In this study, the effect of lamellar and globular α-phase on mechanical properties of strongly textured Ti–6Al–4V alloy was investigated. The strong transverse texture was developed in Ti–6Al–4V alloy via α + β rolling at 950 °C. In the following, lamellar and equiaxed microstructures have been separately promoted in the Ti–6Al–4V alloy during annealing at β- and α + β regions, respectively. According to EBSD analysis, it was revealed that deformation texture was not considerably changed during different annealing processes. Then, room temperature mechanical properties of the studied alloy including uniaxial tensile, compression and bending tests were evaluated. According to the tensile test, work hardening capacity was obtained as 1.10 and 0.64 for equiaxed and lamellar microstructures, respectively. Fracture limit curve revealed that equiaxed microstructure had more extent of homogeneous deformation in comparison with lamellar one. In addition, bending properties of the Ti–6Al–4V alloy were significantly improved as a result of equiaxed microstructure.

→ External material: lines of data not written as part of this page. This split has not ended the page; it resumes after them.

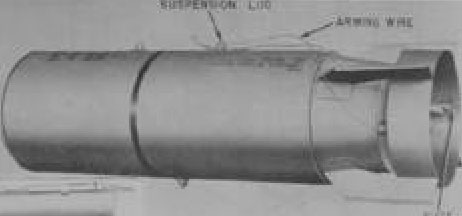 The M34 series sarin cluster bomb was the first major nerve agent bomb standardized (mass-produced) by the U.S. military after World War II.
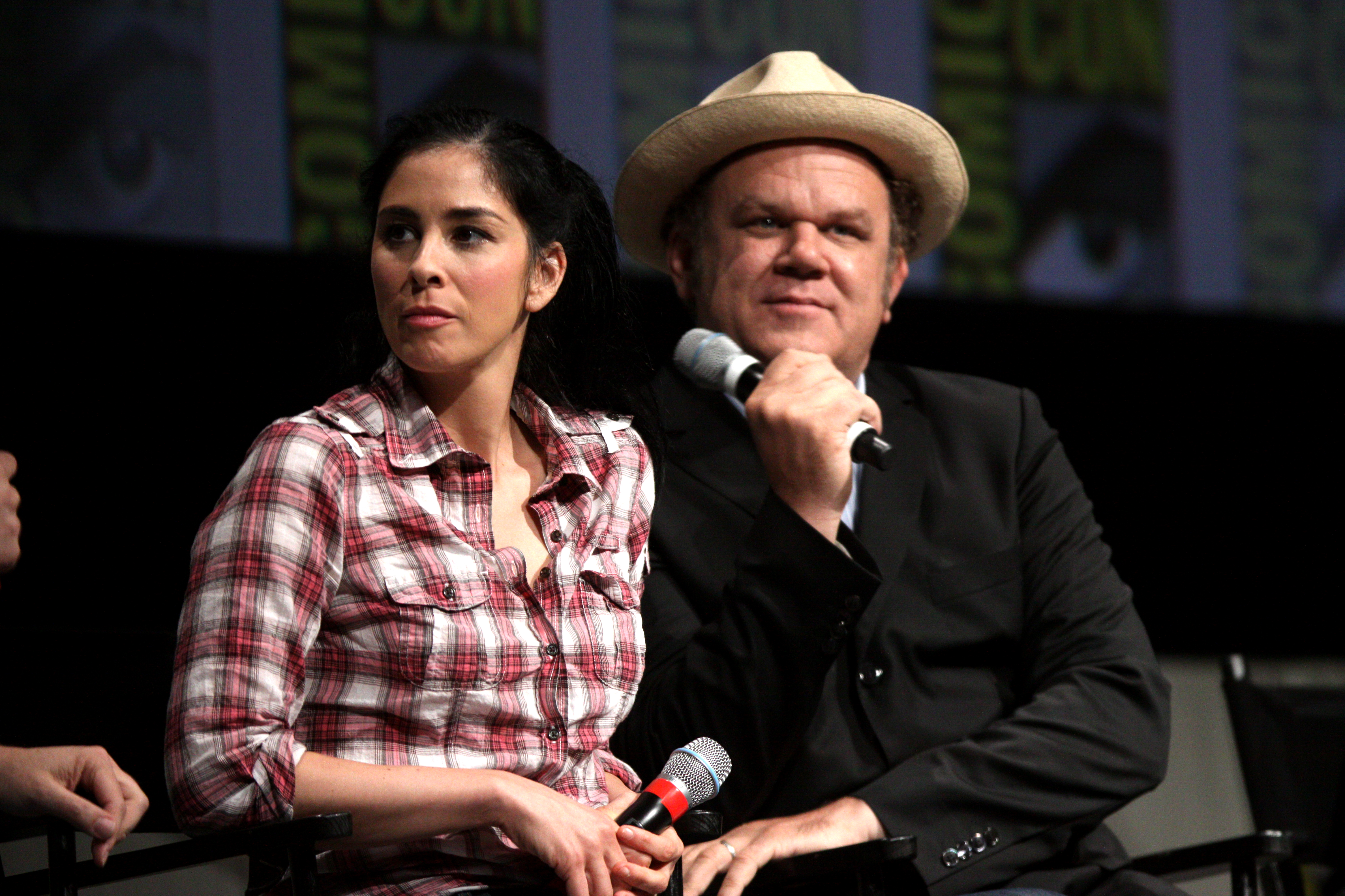 Sarah Silverman & John C. Reilly speaking at the 2012 San Diego Comic-Con International in San Diego, California.
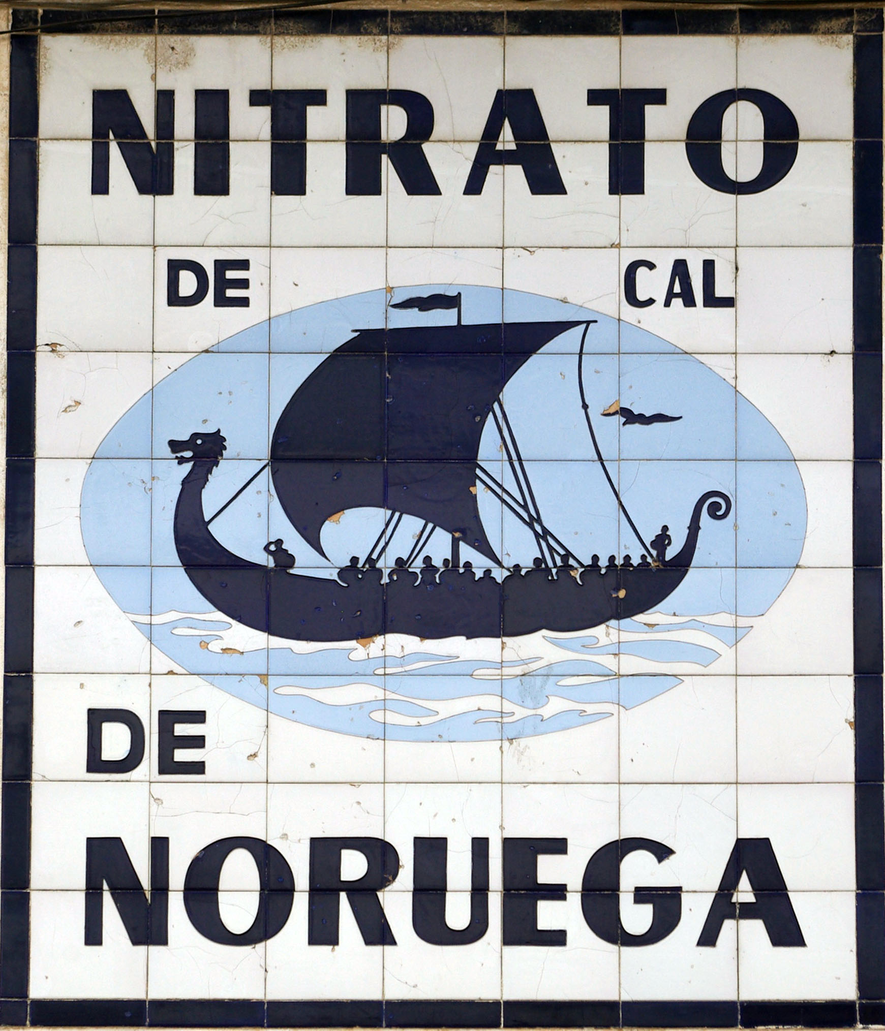 Nitrato de cal de Noruega (Calcium nitrate, Norway's quicklime nitrate, "Norway salpeter", "Norges salpeter" or "Nitrate of lime"), advertisement made of decorated tiles in Peñafiel, (Valladolid, Spain)
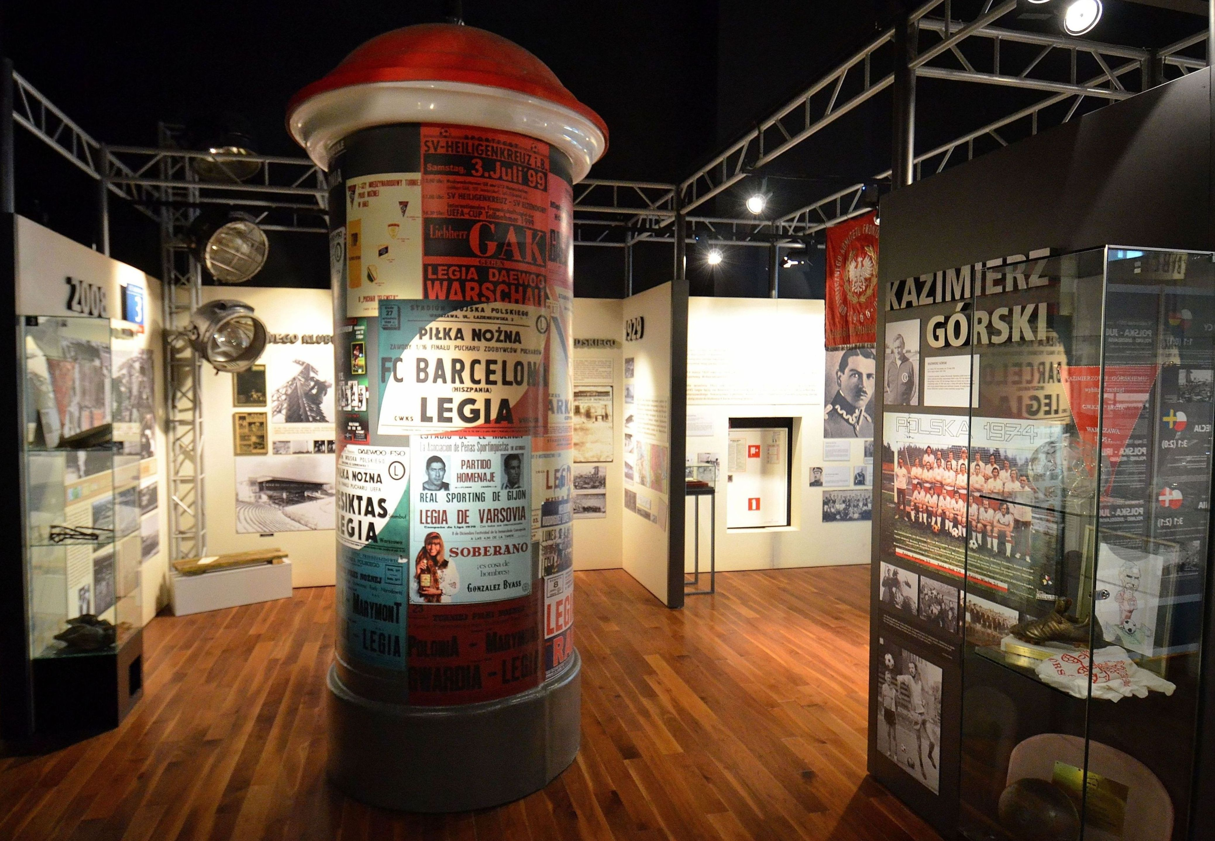 Legia Warszawa Museum

在这项研究中，研究了层状和球状α相对强织构Ti-6Al-4V合金力学性能的影响。Ti–6Al–4V合金通过在950°C的α+β轧制形成了很强的横向织构。在下文中，Ti-6Al-4V合金在退火过程中分别在β-和α+β区域分别促进了层状和等轴组织。根据EBSD分析，发现在不同的退火过程中，变形织构没有明显改变。然后，评估了所研究合金的室温机械性能，包括单轴拉伸，压缩和弯曲测试。根据拉伸试验，对于等轴和层状显微组织，加工硬化能力分别为1.10和0.64。断裂极限曲线表明，等轴组织比片状组织具有更大程度的均匀变形。此外，由于等轴显微组织，Ti-6Al-4V合金的弯曲性能也得到了显着改善。